WHAT IS BEING ASKED
Begin at the line that contains "Marbella from Slender" and reproduce it along with every line after it to the end of the listing; skip any pictures.

▬▬▬▬▬▬▬▬▬▬

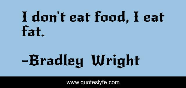This page presents the quote "I don't eat food, I eat fat.". Author of this quote is Bradley Wright. This quote is about food, quote, life, humor,.
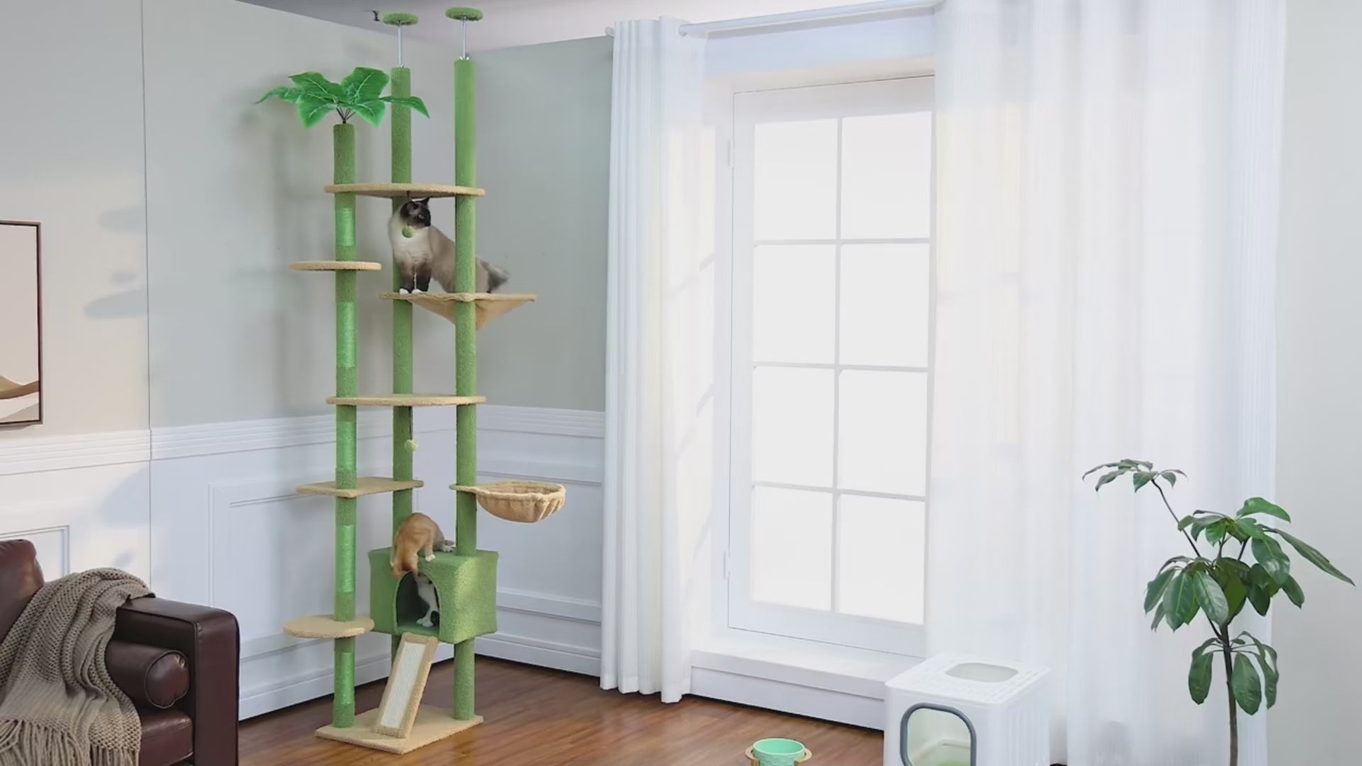 Arbre à chat de grande hauteur conçu pour créer un espace d’escalade, de repos et d’observation pour les chats. Sa structure modulable propose plusieurs niveaux accessibles et se stabilise grâce à la fixation entre le sol et le plafond. Les différents étages et le hamac en hauteur constituent des zones de jeu pour les chats.
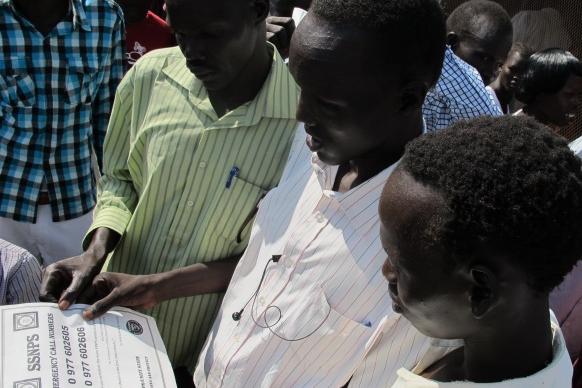 11 November 2012 - To make reporting crimes easier in Bentiu, Unity State, UN Police and the South Sudan National Police Service (SSNPS) distributed leaflets with 24-hour emergency phone numbers to the congregationof a…
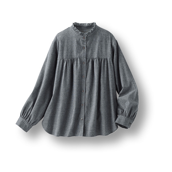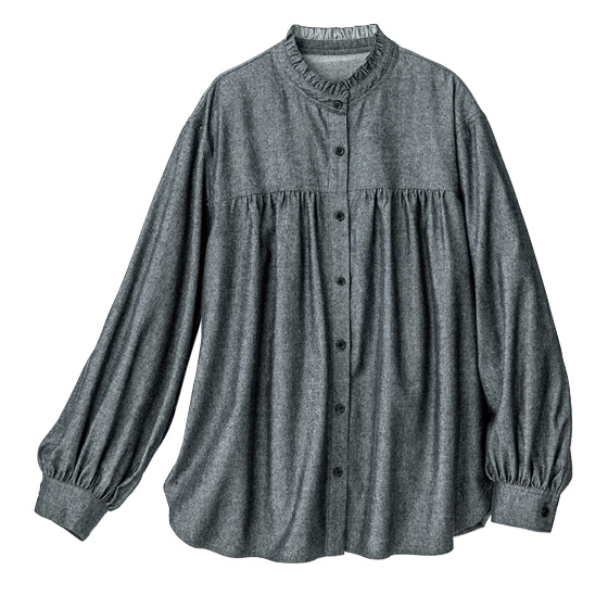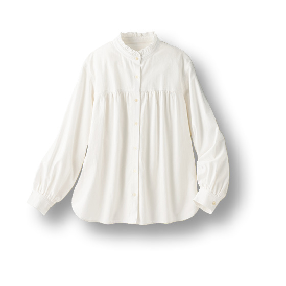 やわらかな風合いの綿混生地作ったブラウス。衿フリルや切替下のギャザーで大人フェミニンな印象に。シンプルすぎないので1枚で着ても華やぎ、重ね着にも活躍。
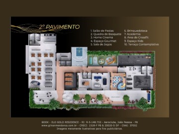 Pavimento 2: Salão de festas, quadra de basquete, home cinema, espaço gourmet, sala de jogos, brinquedoteca, academia, área de crossfit, espaço kids, terraço contemplativo.
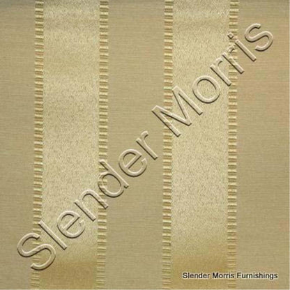 Marbella from Slender Morris is a polyester/cotton drapery fabric featuring a traditional regency stripe. It comes either uncoated or with the acrylic block out coating on the back.
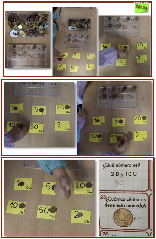 Día 23: “Se pregunta por la cantidad de céntimos que hay en una moneda de 20 céntimos”. Lo hemos hecho con todas las monedas de céntimos de euro.

▬▬▬▬▬▬▬▬▬▬

RESPONSE TO THE EXERCISE
 Marbella from Slender Morris is a polyester/cotton drapery fabric featuring a traditional regency stripe. It comes either uncoated or with the acrylic block out coating on the back.
 Día 23: “Se pregunta por la cantidad de céntimos que hay en una moneda de 20 céntimos”. Lo hemos hecho con todas las monedas de céntimos de euro.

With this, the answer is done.